A partire da un luogo comune (ma un luogo comune è appunto un luogo frequentato,
attraversato, che unisce e non separa), la frase “non stavo più nella pelle”, cui sono
compagne altre, come “sperimentare sulla propria pelle” o “mettersi nella pelle di un
altro”, Giovanni Benzoni propone una variazione sul tema della pelle come confine
corporeo: una lettura che passa attraverso un luogo topico dell’odierno uscire dal corpo,
invece – quell’esperienza così ‘oltre la pelle’ che è la navigazione in internet, il
proiettarsi nella rete.
Riccardo Calimani esamina un interessante esempio specifico: quello del ghetto,
indagandone il significato, la sua ambivalenza per non dire la sua ambiguità; esso infatti
è un esempio di confine spaziale, che ha una primaria funzione negativa, segregativa, e
che tuttavia può assumere funzioni di valorizzazione identitaria.

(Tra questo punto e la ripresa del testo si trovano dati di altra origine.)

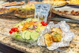 Lettuce, red onions, cucumbers, eggs, tomatoes, and green peppers. Supersized for your party.
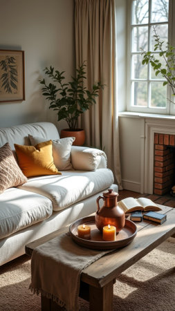 A serene living room with a white couch, wooden coffee table, and natural textures, featuring a plant, book, and coffee cup, with warm sunlight streaming through the window.
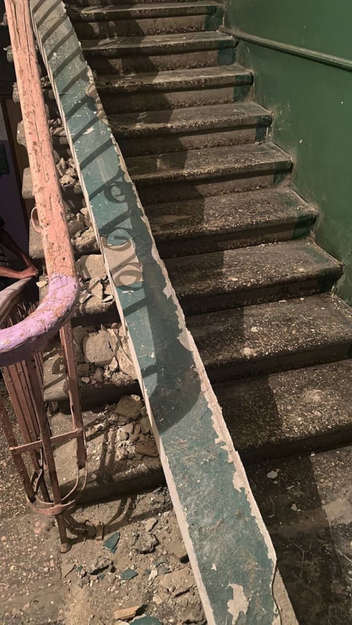 В июле этого года в этом доме обрушилась часть лестничного пролета между первым и вторым этажами. К счастью, тогда в результате ЧП никто не пострадал.
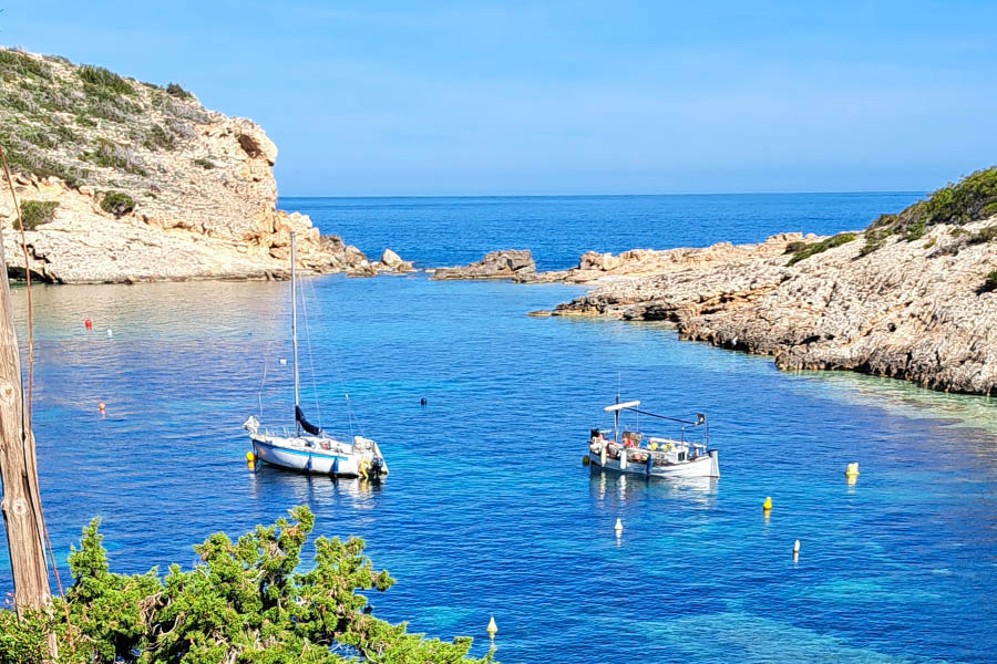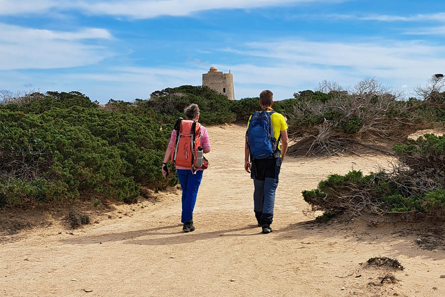 Im nördlichsten Teil der Insel lockt eine ebenso schöne Wanderung ab Pontinatx, einem hübschen Ort, der auch in den Sommermonaten nicht überlaufen ist. Die zerklüfteten Steilküsten führen uns zum Far de Moscater, der mit seinen 52 Metern zu den schönsten Leuchttürmen der Balearen zählt. Es lohnt sich auf alle Fälle, dem Küstenweg weiter Richtung Osten zu folgen, bis zur Cala d’en Serra. Durchs Landesinnere vorbei an Orangenbäumen voller reifer Früchte und durch Felder mit dem leuchtend gelben Sauerklee geht es zurück zum Ausgangspunkt Pontinatx. Die Wanderungen sind zum Teil dürftig ausgeschildert. Hier empfehlen sich geführte Wanderreisen mit einem Anbieter, eine sehr gute eigene GPS-Ausstattung und/oder entsprechende Bücher.

Bernardo Antonini propone invece una interrogazione sulla morte, estremo limite per
definizione, che tuttavia ci rinvia un interrogativo sulla vita, sull’oggi, sul qui, sul noi.
Tocca a Enrico Peyretti chiudere con un richiamo a diversi interrogativi sollevati,
evocando uno dei possibili significati del confine, di tutti i confini, profeticamente
proiettato in avanti: la fine della fine – in un’altra, possibile lettura, il nuovo inizio.